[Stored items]
::::::

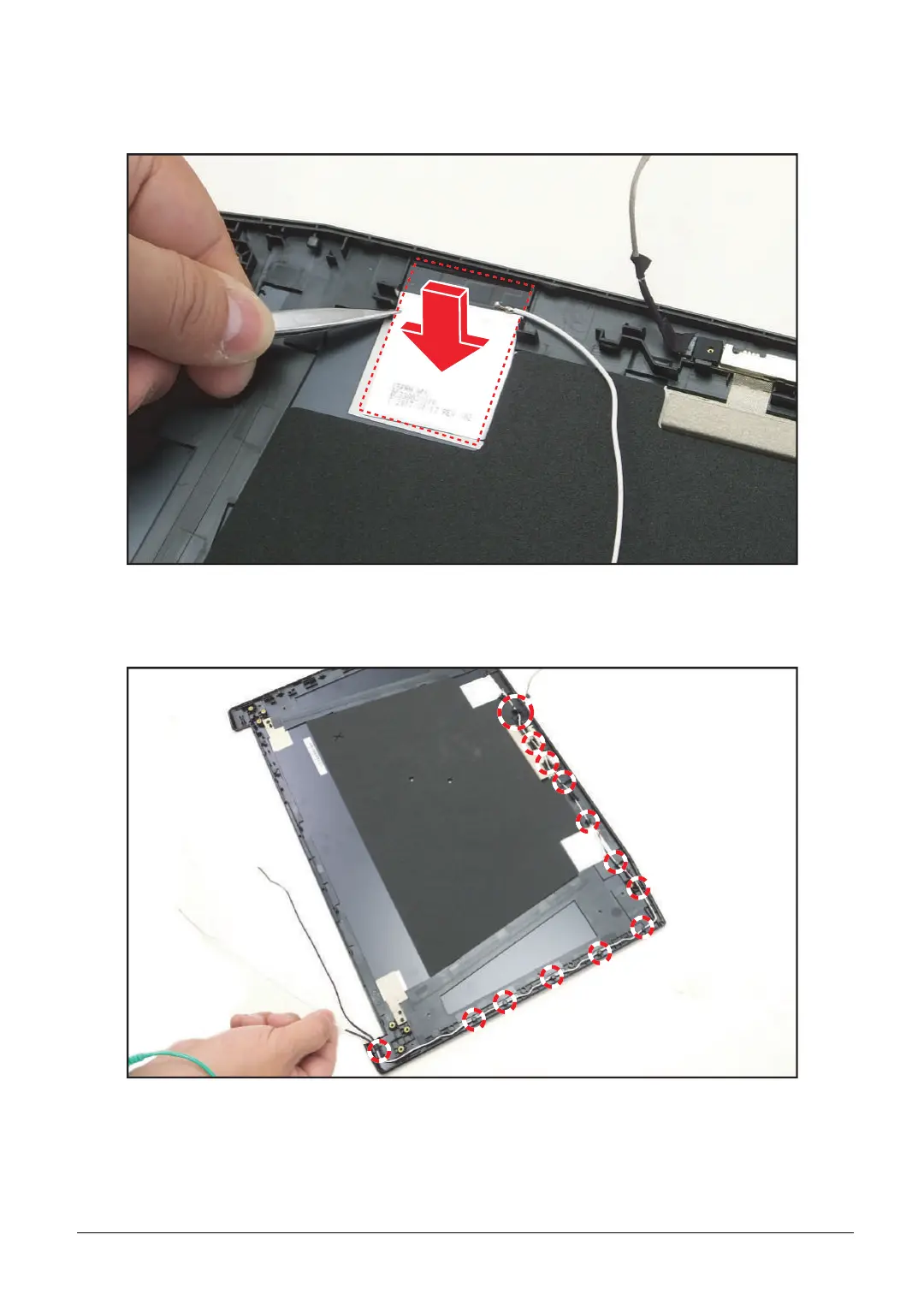 1. Attach the main antenna cable onto its slot on the LCD cover.
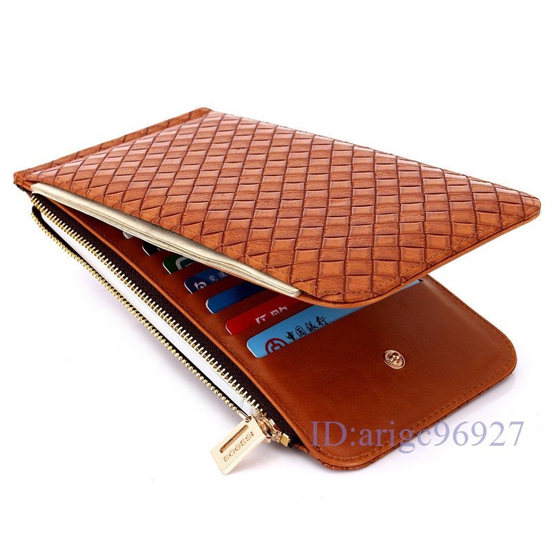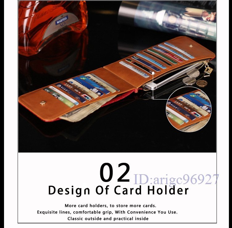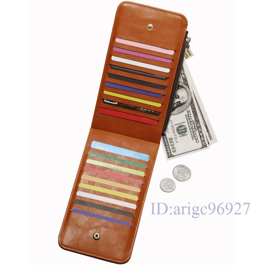 Y603☆新品大容量 メンズ 収納 カードケース 長財布 二つ折り レザー 革 シンプル お洒落 小銭入れ コインケース スリム ダイダイ
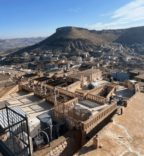 Mardin’in teraslı yerleşim ve kademeli mimari yapısı nedeniyle manzara deneyimi oda konumuna göre ciddi şekilde değişebilir. Resmî kaynaklarda da evlerin ovaya doğru teraslar halinde dizildiği özellikle belirtilir.
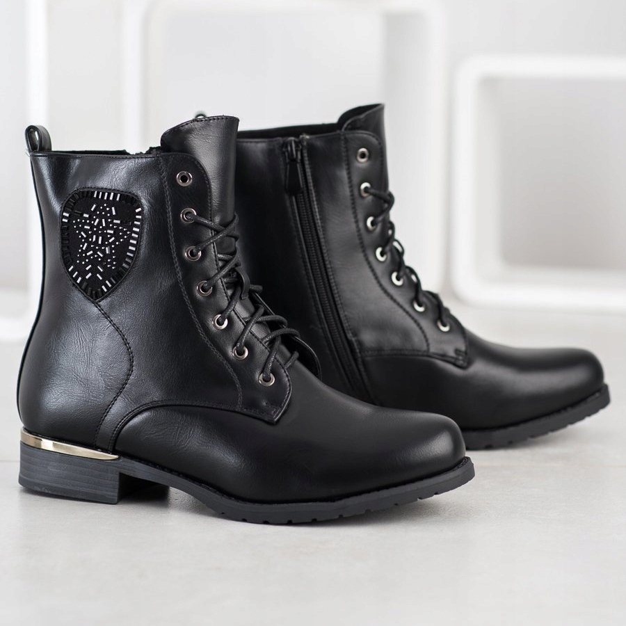 Gli stivali neri eleganti ed eleganti di Gogo sono la scelta ideale per le donne che apprezzano l'universalità e il design sofisticato nelle calzature. Realizzati in pelle ecologica di alta qualità, gli stivaletti con tomaia stringata seguono la tendenza della moda ecologica garantendo allo stesso tempo libertà di stile e comfort di utilizzo.
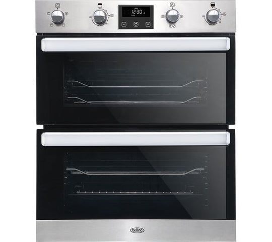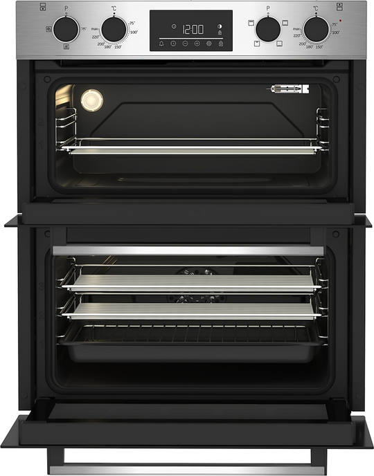 Absolute - Double Oven - Push Push Dials - Stainless Steel With Telescopic Shelves, Twin Grill and Defrost & Slowcook
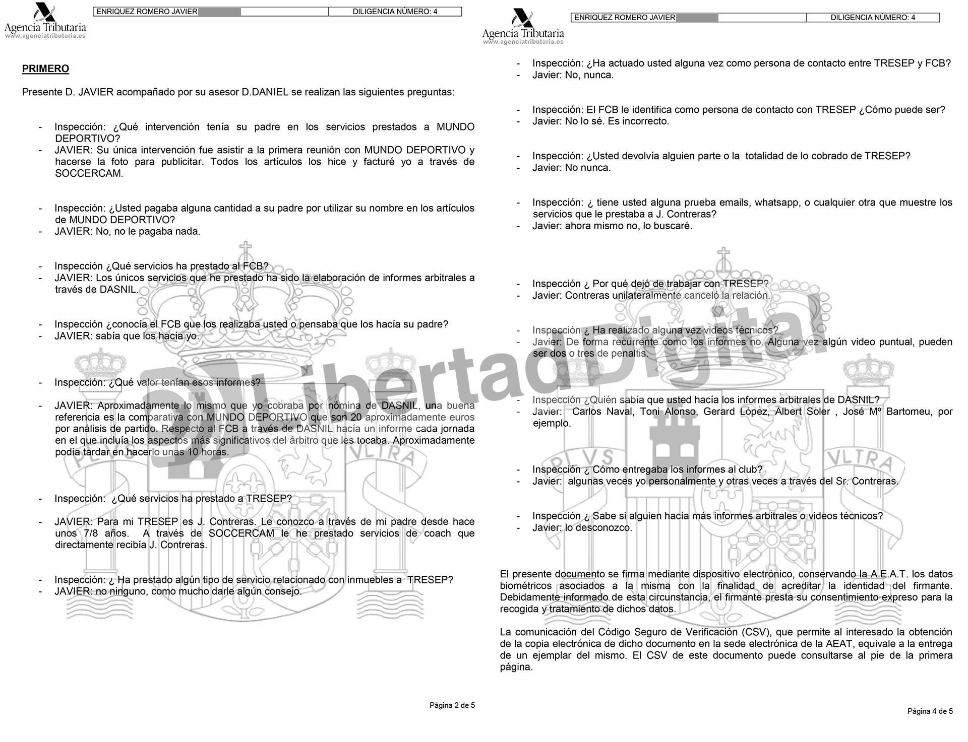 A Continuación, el hijo de Negreira era preguntado por los inspectores de Hacienda sobre sus servicios prestados al F.C. Barcelona. Javier Enríquez afirma que elaboraba informes arbitrales y que tenían un valor aproximado de 20 euros cada uno:
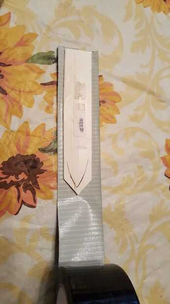 Compré un cuchillo viejo nogal americano pegatina de Ohio. Está hecho de acero de buena calidad y es menos de $15, pero necesitan un caso. Como la mayoría de los cuchillos de cocina, vino con una funda común de tarjeta. Decidí modificar que el manguito en una vaina. Empecé dibujando el contorno de la punta en la cartulina. Entonces recortan un poco más de necesario.
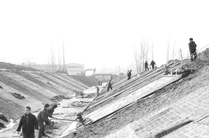 近日,工人们正在硬化沙河槐店灌区干渠护坡。沙河槐店灌区续建配套与节水改造项目计划总投资1.3亿元,分6年实施,其中2009年度工程投资规模为2500万元,建设渠道防渗衬砌8900米,渠道清淤1400米,新建、重建节制闸8座,重建生产桥25座,更新改造灌区管理房576.47平方米,首期工程将于今年3月底竣工,工程建成后,将改善灌溉面积10万亩,新增农业产值557万元。(记者 韦伟 实习生 张煜贞 摄)

::::::

• _ASSIGNED TASK_
Write out exactly the lines from the one that contains "Gli stivali neri" through the last line of the data above, both included. Leave every picture out.

• _WRITTEN RESPONSE_
 Gli stivali neri eleganti ed eleganti di Gogo sono la scelta ideale per le donne che apprezzano l'universalità e il design sofisticato nelle calzature. Realizzati in pelle ecologica di alta qualità, gli stivaletti con tomaia stringata seguono la tendenza della moda ecologica garantendo allo stesso tempo libertà di stile e comfort di utilizzo.
 Absolute - Double Oven - Push Push Dials - Stainless Steel With Telescopic Shelves, Twin Grill and Defrost & Slowcook
 A Continuación, el hijo de Negreira era preguntado por los inspectores de Hacienda sobre sus servicios prestados al F.C. Barcelona. Javier Enríquez afirma que elaboraba informes arbitrales y que tenían un valor aproximado de 20 euros cada uno:
 Compré un cuchillo viejo nogal americano pegatina de Ohio. Está hecho de acero de buena calidad y es menos de $15, pero necesitan un caso. Como la mayoría de los cuchillos de cocina, vino con una funda común de tarjeta. Decidí modificar que el manguito en una vaina. Empecé dibujando el contorno de la punta en la cartulina. Entonces recortan un poco más de necesario.
 近日,工人们正在硬化沙河槐店灌区干渠护坡。沙河槐店灌区续建配套与节水改造项目计划总投资1.3亿元,分6年实施,其中2009年度工程投资规模为2500万元,建设渠道防渗衬砌8900米,渠道清淤1400米,新建、重建节制闸8座,重建生产桥25座,更新改造灌区管理房576.47平方米,首期工程将于今年3月底竣工,工程建成后,将改善灌溉面积10万亩,新增农业产值557万元。(记者 韦伟 实习生 张煜贞 摄)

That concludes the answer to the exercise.